▶ [Input records]:
========

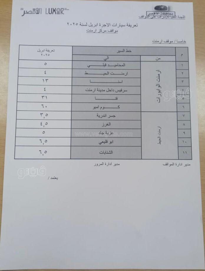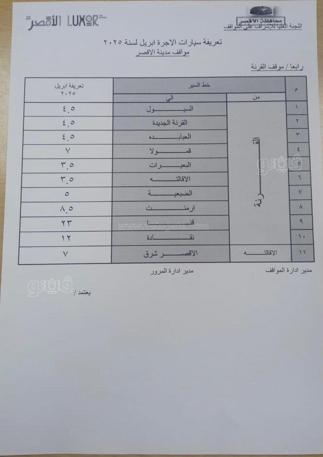 أصدر المهندس عبدالمطلب عمارة محافظ الأقصر، اليوم قرار رقم (220) لسنة 2025 الخاص بتعديل التعريفة الجديدة والمقررة لركوب سيارات الأجرة والسرفيس بدائرة المحافظة، وذلك علي إثر زيادة أسعار البنزين والسولار الذي أقرته لجنة التسعير التلقائي للمواد البترولية.
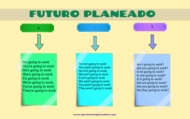 Ponemos a su disposición las principales infografías relacionadas con WILL Y GOING TO de nuestra web. Las infografías son una manera rápida de recordar y asimilar contenidos de una manera efectiva. Las infografías relacionadas con la diferencia entre will y going to en inglés tratan diferentes aspectos, como la formación, el uso y los adverbios relacionados con el fututo simple (will) y el futuro planeado (going to) en inglés. También analizamos la conjugación del fututo simple y el futuro planeado en inglés y la formación.
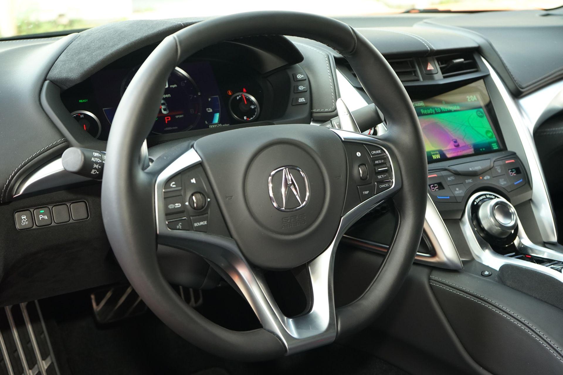 Black Leather 4-Way Power Adjustment 4-Wheel Disc Brakes 9 Speakers ABS brakes Adaptive suspension Air Conditioning Alloy wheels AM/FM radio Apple CarPlay/Android Auto Auto High-beam Headlights Auto-dimming Rear-View mirror Automatic temperature control Brake assist Bumpers: body-color Carbon Fiber Rear Decklid Spoiler Compass Delay-off headlights Dual front impact airbags Dual front side impact airbags Electronic Stability Control Emergency communication system: AcuraLink Exterior Parking Camera Rear Four wheel independent suspension Front anti-roll bar Front Bucket Seats Front dual zone A/C Front reading lights Garage door transmitter: HomeLink Heated door mirrors Heated front seats Heated Power Sport Seats Illuminated entry Knee airbag Low tire pressure warning Memory seat Navigation System Occupant sensing airbag Outside temperature display Overhead airbag Panic alarm Power door mirrors Power driver seat Power passenger seat Power steering Power windows Premium audio system: Acura/ELS Studio Radio data system Radio: ELS Studio Premium Audio System Rain sensing wipers Rear anti-roll bar Rear window defroster Remote keyless entry Security system Semi-Aniline Premium Leather Seat Trim Speed control Speed-sensing steering Speed-Sensitive Wipers Sport steering wheel Steering wheel mounted audio controls Tachometer Telescoping steering wheel Tilt steering wheel Traction control Trip computer Turn signal indicator mirrors Variably intermittent wipers and Wheels: 19" x 8.5" Fr/20" x 11" Rr Forged Aluminum.
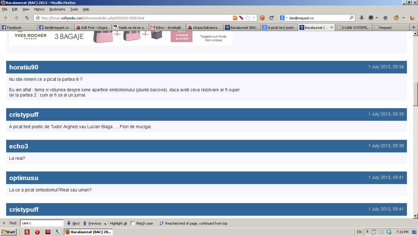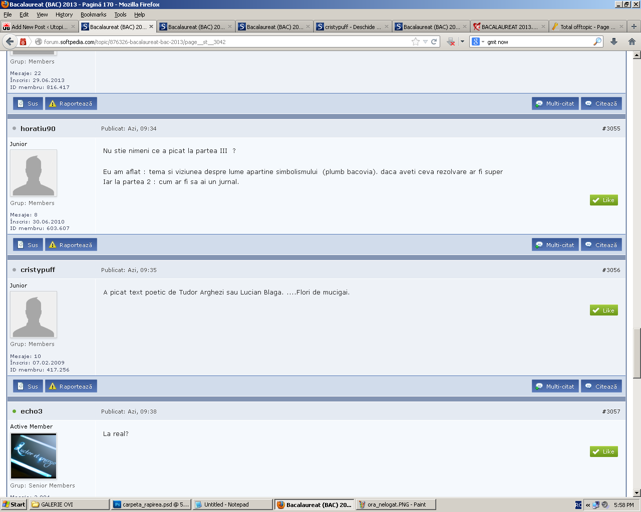 Deci, de fapt, nişte copii au discutat pe interneţ subiectele de la Bac la jumătate de oră după ce s-a desfăcut plicul. Asta nu mai face valuri. Adică pe mine, cel puţin, nu mă prea miră. Mai ales că am dat Bacul în 2007, înainte de “Funeriadă” dar după invenţia telefonului de fiţe.
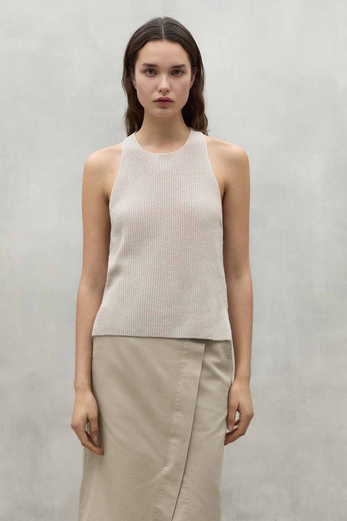 Das Stricktop Cidroalf von Ecoalf ist eher locker geschnitten. Es hat einen ausgefallenen Rückenausschnitt und vorne einen klassischen Rundhalsausschnitt. Das Oberteil besteht aus 55% Leinen und 45% Baumwolle (bio).
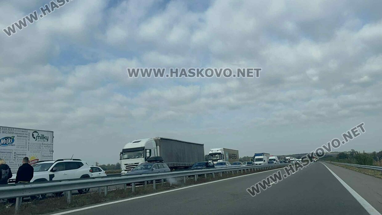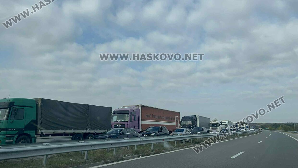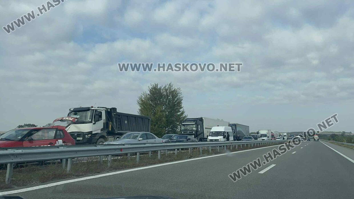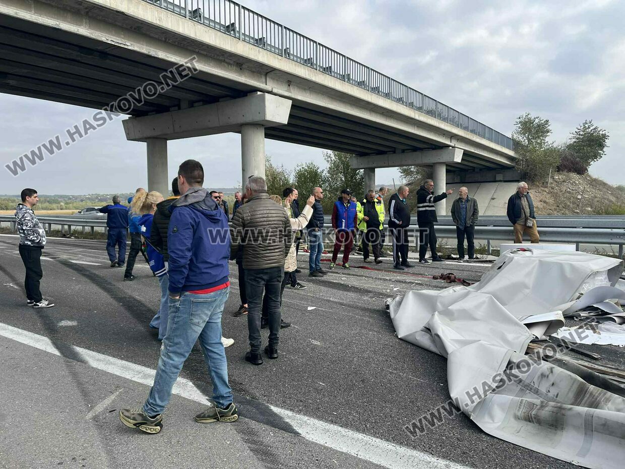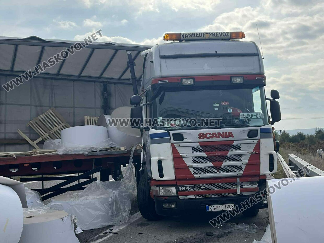 Тир, натоварен с тоалетна хартия, катастрофира и затвори автомагистрала „Марица“ в Хасковска област. Инцидентът стана около 8:20 часа при 23-и километър в платното в посока към Свиленград.
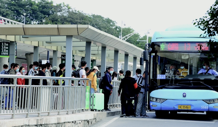 火车站出口处旅客有序排队上车。程曦 摄

========

Restate each entry word for word; pictures stay out of the copy.

▶ [Answer to this problem]:
 أصدر المهندس عبدالمطلب عمارة محافظ الأقصر، اليوم قرار رقم (220) لسنة 2025 الخاص بتعديل التعريفة الجديدة والمقررة لركوب سيارات الأجرة والسرفيس بدائرة المحافظة، وذلك علي إثر زيادة أسعار البنزين والسولار الذي أقرته لجنة التسعير التلقائي للمواد البترولية.
 Ponemos a su disposición las principales infografías relacionadas con WILL Y GOING TO de nuestra web. Las infografías son una manera rápida de recordar y asimilar contenidos de una manera efectiva. Las infografías relacionadas con la diferencia entre will y going to en inglés tratan diferentes aspectos, como la formación, el uso y los adverbios relacionados con el fututo simple (will) y el futuro planeado (going to) en inglés. También analizamos la conjugación del fututo simple y el futuro planeado en inglés y la formación.
 Black Leather 4-Way Power Adjustment 4-Wheel Disc Brakes 9 Speakers ABS brakes Adaptive suspension Air Conditioning Alloy wheels AM/FM radio Apple CarPlay/Android Auto Auto High-beam Headlights Auto-dimming Rear-View mirror Automatic temperature control Brake assist Bumpers: body-color Carbon Fiber Rear Decklid Spoiler Compass Delay-off headlights Dual front impact airbags Dual front side impact airbags Electronic Stability Control Emergency communication system: AcuraLink Exterior Parking Camera Rear Four wheel independent suspension Front anti-roll bar Front Bucket Seats Front dual zone A/C Front reading lights Garage door transmitter: HomeLink Heated door mirrors Heated front seats Heated Power Sport Seats Illuminated entry Knee airbag Low tire pressure warning Memory seat Navigation System Occupant sensing airbag Outside temperature display Overhead airbag Panic alarm Power door mirrors Power driver seat Power passenger seat Power steering Power windows Premium audio system: Acura/ELS Studio Radio data system Radio: ELS Studio Premium Audio System Rain sensing wipers Rear anti-roll bar Rear window defroster Remote keyless entry Security system Semi-Aniline Premium Leather Seat Trim Speed control Speed-sensing steering Speed-Sensitive Wipers Sport steering wheel Steering wheel mounted audio controls Tachometer Telescoping steering wheel Tilt steering wheel Traction control Trip computer Turn signal indicator mirrors Variably intermittent wipers and Wheels: 19" x 8.5" Fr/20" x 11" Rr Forged Aluminum.
 Deci, de fapt, nişte copii au discutat pe interneţ subiectele de la Bac la jumătate de oră după ce s-a desfăcut plicul. Asta nu mai face valuri. Adică pe mine, cel puţin, nu mă prea miră. Mai ales că am dat Bacul în 2007, înainte de “Funeriadă” dar după invenţia telefonului de fiţe.
 Das Stricktop Cidroalf von Ecoalf ist eher locker geschnitten. Es hat einen ausgefallenen Rückenausschnitt und vorne einen klassischen Rundhalsausschnitt. Das Oberteil besteht aus 55% Leinen und 45% Baumwolle (bio).
 Тир, натоварен с тоалетна хартия, катастрофира и затвори автомагистрала „Марица“ в Хасковска област. Инцидентът стана около 8:20 часа при 23-и километър в платното в посока към Свиленград.
 火车站出口处旅客有序排队上车。程曦 摄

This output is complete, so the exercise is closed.